Seventy percent of women don’t see themselves reflected in media images. “Grey’s Anatomy” creator Shonda Rhimes revealed this startling statistic at the the 2019 edition of Cannes Lions, an advertising and communications fest. The TV titan is hoping to address this lack of representation with #ShowUs, a photography database she launched in partnership with Dove. According to Variety, #ShowUs contains over 5,000 images of diverse women and nonbinary folks and seeks to “promote more accurate representations in the press and advertising.”

For #ShowUs, Dove and Getty Images teamed up to create Girlgaze, a photography company, in order to “to make a series of photos that really represent a different kind of beauty,” Rhimes explained. Girlgaze photographers captured images of “women as they are versus the very narrow stereotype of women who we generally see in advertisements and magazines.” “We all see that same kind of stereotypically beautiful woman in an ad,” Rhimes said, seemingly referring to the ubiquitous willowy white blonde who dominates magazines and commercials. “We want to see women who look like us.”

In other words, thin, femme white women should not be the media’s default symbol of womanhood. Ads and images should reflect the world we live and include women of color, queer women, women of all shapes and sizes, and nonbinary individuals.

As Rhimes told Variety, representation — or lack thereof — can have a huge impact on young women and their self-esteem. When you don’t see anyone who looks like you in magazines or on TV, “you feel invisible or you feel erased.” She remembered, “The only woman I saw in television who looked a little bit different, who had a different body type, was Oprah when I was growing up.”

#ShowUs won’t only feature women and nonbinary people in front of the camera: the images themselves will be taken by women and nonbinary photographers. “Therefore, the images that are getting chosen are images that probably wouldn’t be chosen if you had just used the same male photographers,” Rhimes said. “Who takes the pictures makes the difference in the pictures that are taken. Who’s behind the scenes doing something tells the story of what you’re seeing.”

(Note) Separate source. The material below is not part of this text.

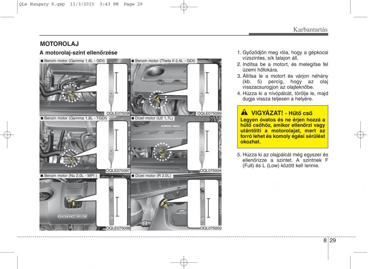 ■Benzin motor (Gamma 1,6L - TGDI) ■Dízel motor (U2 1,7L) Legyen óvatos és ne érjen hozzá a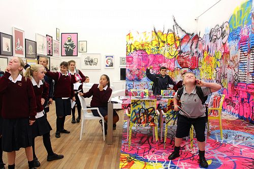 Students were able to compare images in "Larger Than Light," which included 4.5 metre spray cans emitting light from their nozzles to illuminate 8 massive artworks by Spectrum's artists.

Rhimes and Dove previously worked together on Real Beauty Productions, a film project that told consumer stories in an effort to address the disparity between women in the real world and the women portrayed onscreen.

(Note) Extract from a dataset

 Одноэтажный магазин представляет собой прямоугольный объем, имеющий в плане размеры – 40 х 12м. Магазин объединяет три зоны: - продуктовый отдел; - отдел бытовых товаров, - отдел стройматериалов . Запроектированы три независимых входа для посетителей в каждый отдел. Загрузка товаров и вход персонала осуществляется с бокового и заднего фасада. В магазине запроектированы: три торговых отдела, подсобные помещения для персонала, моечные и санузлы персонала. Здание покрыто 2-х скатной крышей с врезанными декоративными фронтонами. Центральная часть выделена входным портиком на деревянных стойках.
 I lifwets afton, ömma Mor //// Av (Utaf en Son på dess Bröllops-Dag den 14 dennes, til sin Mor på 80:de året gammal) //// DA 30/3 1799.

“Grey’s Anatomy” recently became the longest-running medical drama in television history. It will return for its 16th season this fall. Rhimes’ upcoming projects include a series based on Jessica Pressler’s New York Magazine feature about con artist/phony socialite Anna Delvey, developed as part of her multi-year deal with Netflix. She exec produces “How to Get Away with Murder” and “Grey’s” spinoff “Station 19.”